Mutations in HID1 Cause Syndromic Infantile Encephalopathy and Hypopituitarism

Abstract

Objective: Precursors of peptide hormones undergo posttranslational modifications within the trans-Golgi network (TGN). Dysfunction of proteins involved at different steps of this process cause several complex syndromes affecting the central nervous system (CNS). We aimed to clarify the genetic cause in a group of patients characterized by hypopituitarism in combination with brain atrophy, thin corpus callosum, severe developmental delay, visual impairment, and epilepsy.

Methods: Whole exome sequencing was performed in seven individuals of six unrelated families with these features. Postmortem histopathological and HID1 expression analysis of brain tissue and pituitary gland were conducted in one patient. Functional consequences of the homozygous HID1 variant p.R433W were investigated by Seahorse XF Assay in fibroblasts of two patients.
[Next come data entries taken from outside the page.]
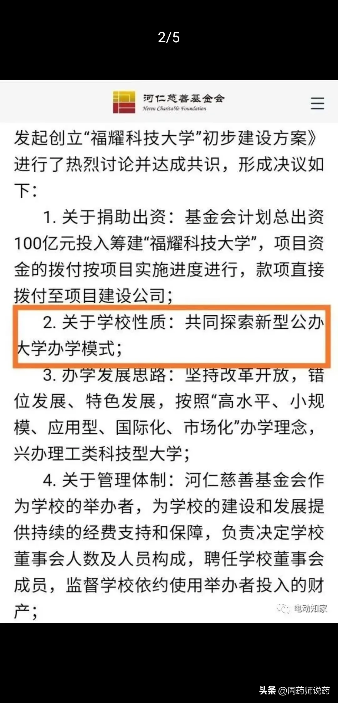 2021年5月2日,河仁基金会宣布投资100亿筹建“福耀科技大学”(暂定名)。这所高校建成之后,将成为全国第四所全福建第一所新型研究型大学,定位是理工类研究型公立大学,培养国内新兴产业急需的研究型,复合型实用型人才。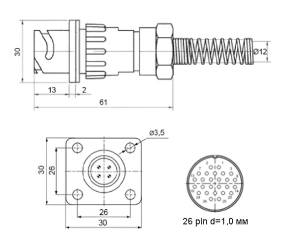 | Сочетание контактов | 26 контактактов Ø 1 mm |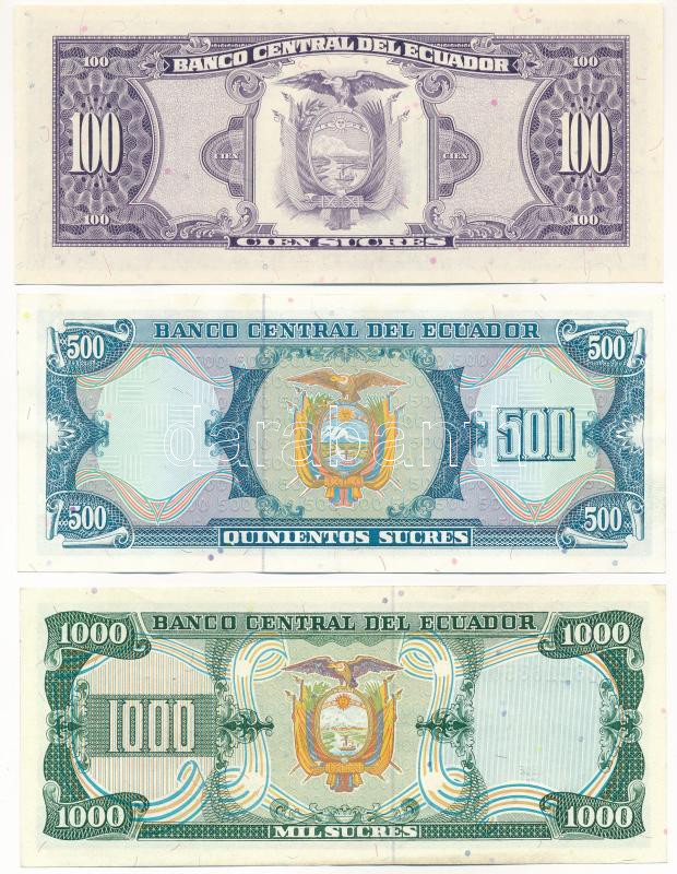 Ecuador 1988. 100S + 500S + 1000S T:I Ecuador 1988. 100 Sucres + 500 Sucres + 1000 Sucres C:UNC<a href="https://www.darabanth.com/hu/gyorsarveres/432/kategoriak~Numizmatika/Kulfoldi-bankjegyek~1500014/Ecuador-1988-100S-plus-500S-plus-1000S-TI-Ecuado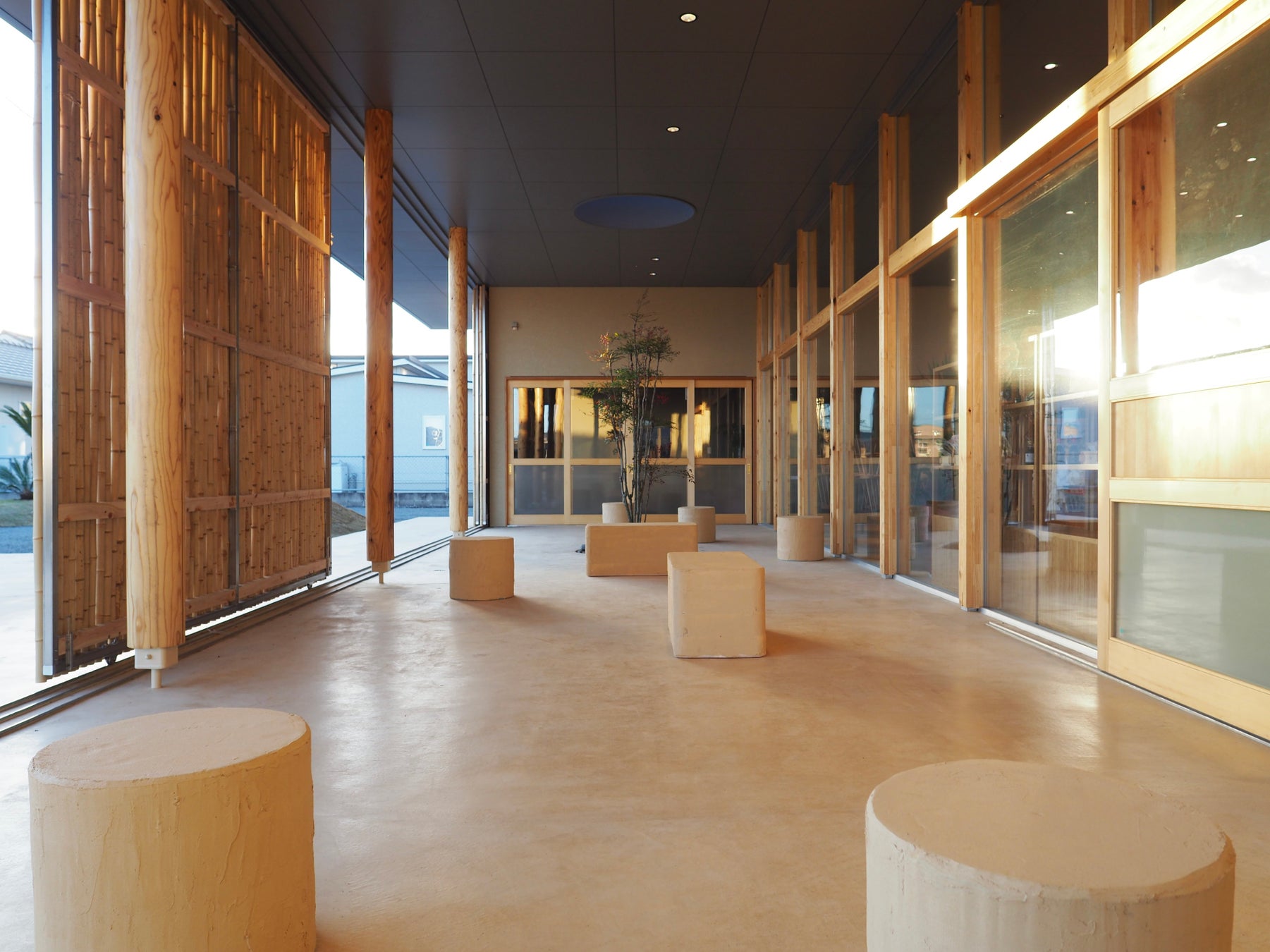 巨大なテラスとなっている軒下空間は、開放的な空間を作り出し、塗り版築で製作されたフレキシブルなオリジナル什器を使用して、人々がくつろげる場所となり、地域との交流を生むマーケットや軽トラ市などのイベント開催も検討されている。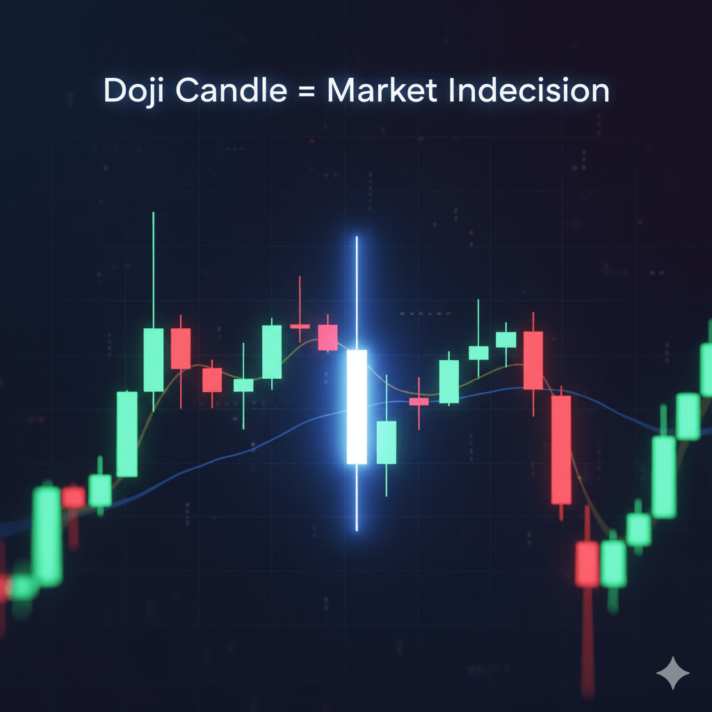 📖 Il Doji Candle è un tipo di candela che crea sempre confusione. Significa che acquirenti e venditori hanno entrambi la stessa forza – nessuno sta vincendo.

Results: Bi-allelic variants in the gene HID1 domain-containing protein 1 (HID1) were identified in all patients. Postmortem examination confirmed cerebral atrophy with enlarged lateral ventricles. Markedly reduced expression of pituitary hormones was found in pituitary gland tissue. Colocalization of HID1 protein with the TGN was not altered in fibroblasts of patients compared to controls, while the extracellular acidification rate upon stimulation with potassium chloride was significantly reduced in patient fibroblasts compared to controls.

Interpretation: Our findings indicate that mutations in HID1 cause an early infantile encephalopathy with hypopituitarism as the leading presentation, and expand the list of syndromic CNS diseases caused by interference of TGN function. ANN NEUROL 2021;90:149-164.

FIGURE 1:

Clinical phenotype and MRI images of patients with bi-allelic HID1 variants. (A) Patient 1:III-2 at age 3 months (A1, A2). T2-weighted sagittal (A3) and coronal (A4) brain MR images at age 4 months indicate hypoplasia of the corpus callosum and a small sella turcica (white arrows). (B) Patient 1:III-3 at age 2 months (B1, B2), at age 2 years (B3), and at age 3 years (B4). T2-weighted sagittal and coronal brain MR images age 4 months (B5, B6) and at age 3 years and 2 months (B7, B8) show a relatively small pituitary gland and a thin and dysplastic corpus callosum (B5 white arrows). Note also distinct cortical atrophy and enlargement of the inner ventricles evolving during the course of disease (B7, B8). An unspecific signal alteration of the ventral part of the pons (B7, white arrow) is also marked. (C) Patient 2:IV-3 at age 3 years (C1) and at age 21 years (C2, C3). T1-weighted brain MR image displays a relatively small pituitary gland and a small corpus callosum. No generalized brain atrophy is visible. (D) Patient 3:IV-1 at age 3 years (D1, D2). T2-weighted brain MR image displays a thin corpus callosum (D3, white arrows). (E) Patient 4:II-2 at age 8 months (E1, E2), T2 (E3). T1-weighted (E4) sagittal brain MR images show a thin corpus callosum. T1-weighted coronal image depicts enlarged lateral ventricles and suggests gyral atrophy (F) Patient 5:II-1 at age 2 weeks (F1), at age 20 months with cushingoid face (F2) and at age 3 years (F3). Sagittal T1-weighted MR image at age 18 months indicates a dysplastic corpus callosum and a small pituitary gland (F4), while a coronal FLAIR image depicts mild gyral atrophy (F5). Consent was obtained from parents/legal guardians for use of clinical photographs shown in this Figure (including parental consent for inclusion of the identifiable (non-obscured) facial photographs).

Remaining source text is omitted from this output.